According to a new survey of 1,298 consumers from Boston Retail Partners (BRP), “Consumer Shopping Habits — The Generation Gap,” digital consumers age 18-37 approach brick-and-mortar stores very differently than traditional consumers age 38 and up.
For example, digital consumers tend to want in-store technology that enables personalized shopping. Sixty-five percent want personalized recommendations, while 61% want a curated selection of products from stylists and 60% want recommendations based on what is in their closet.
Meanwhile, traditional consumers are more interested in technology that helps ensure product availability – 63% want associates to have the ability to order out-of-stock products and 60% want the ability to search in-store inventory availability.
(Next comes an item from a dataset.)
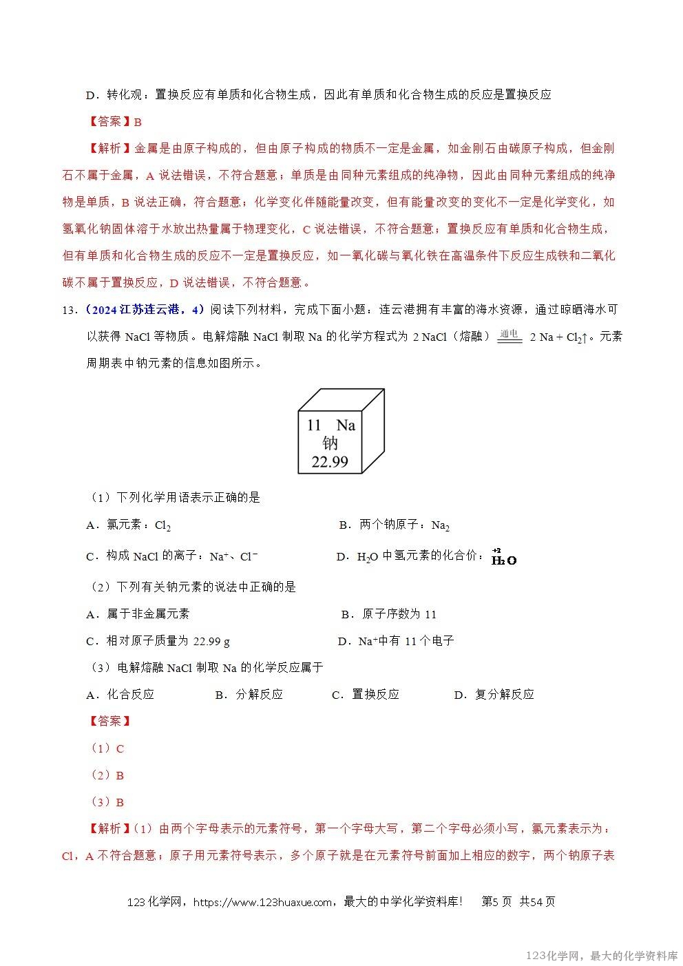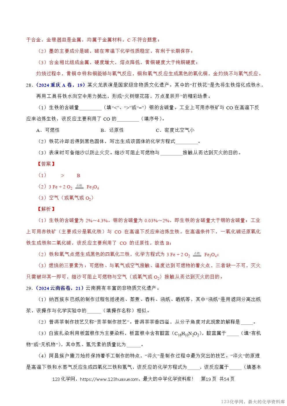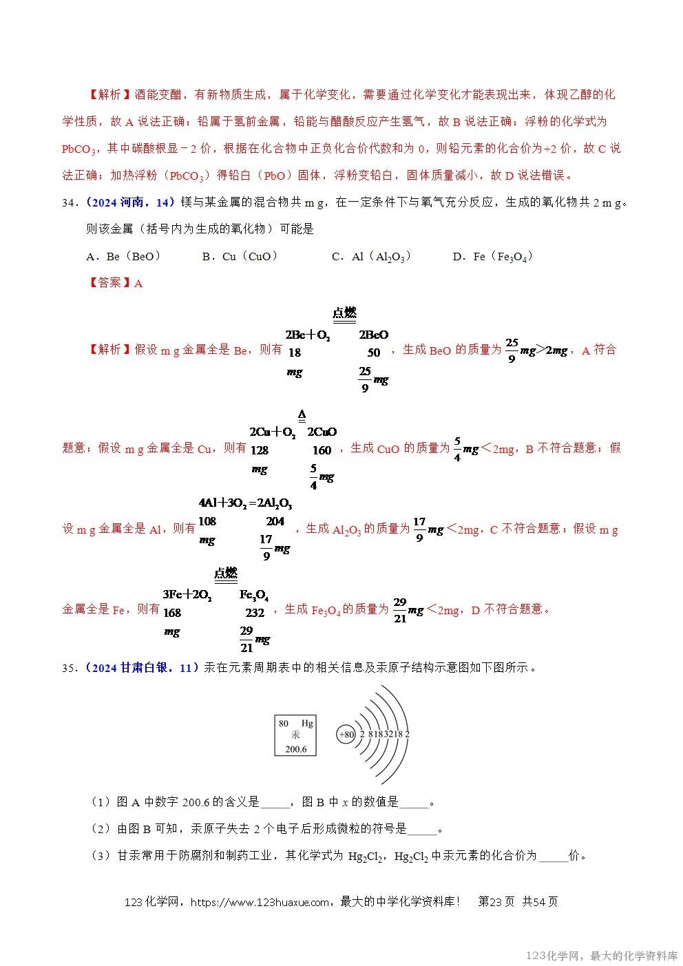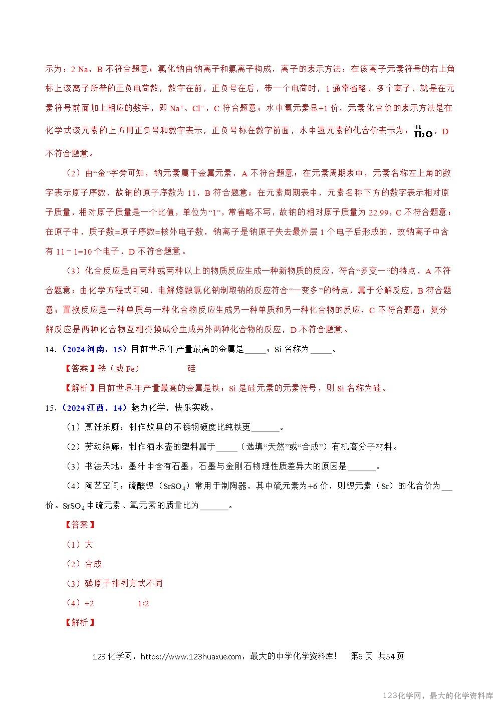 5.(2024山东烟台,8)中华传统文化中包含很多化学知识。下列对文献内容解释错误的是

Digital consumers are also more interested in having technology-enabled control of their in-store shopping experience – 87% say self-service options allow them to control their own experience and 71% like automated pickup and returns processes. In contrast, 60% of traditional consumers say self-service options allow them to control their own experience, while 49% say automated returns are nice but not necessary, and 41% say automated pickups are nice but not necessary.
Another key differentiator is the likelihood of consumers from different generations to choose a store based on advanced checkout options:
• Mobile POS used by store associates (59% digital, 30% traditional).
• Self-checkout (75% digital, 30% traditional).
• Mobile wallet or retailer app (65% digital, 33% traditional).
When looking at attitudes toward delivery of products from a store, digital consumers are more likely to choose a store based on same-day delivery (77% vs. 60%). But traditional consumers are slightly more likely to choose a store based on free delivery (86% vs. 84%).
In general, digital consumers are more likely to share feedback about a brick-and-mortar shopping experience, good or bad, than their elders. Sixty-five percent of digital consumers and 49% of traditional consumers will contact a retailer to share feedback about an exceptional in-store experience. And 61% of digital consumers and 29% of traditional consumers will share an exceptional in-store experience on social media.
However, response rates are much closer for likelihood to share feedback about an unsatisfactory in-store experience with the retailer (66% vs. 64%) and stop shopping at a retailer (66% vs. 61%). Digital consumers are still much more likely to share an unsatisfactory in-store experience via social media (56% vs. 27%).
Before entering a store, both digital and traditional consumers will use technology to research and prepare for the trip. However, digital consumers are more focused on prioritizing their purchases, while traditional consumers zero in on discounts, as demonstrated by differences in likelihood to perform the following activities:
• Compare prices (59% digital vs. 64% traditional).
• Look for offers/coupons (44% vs. 57%).
• Build a shopping list (62% vs. 49%).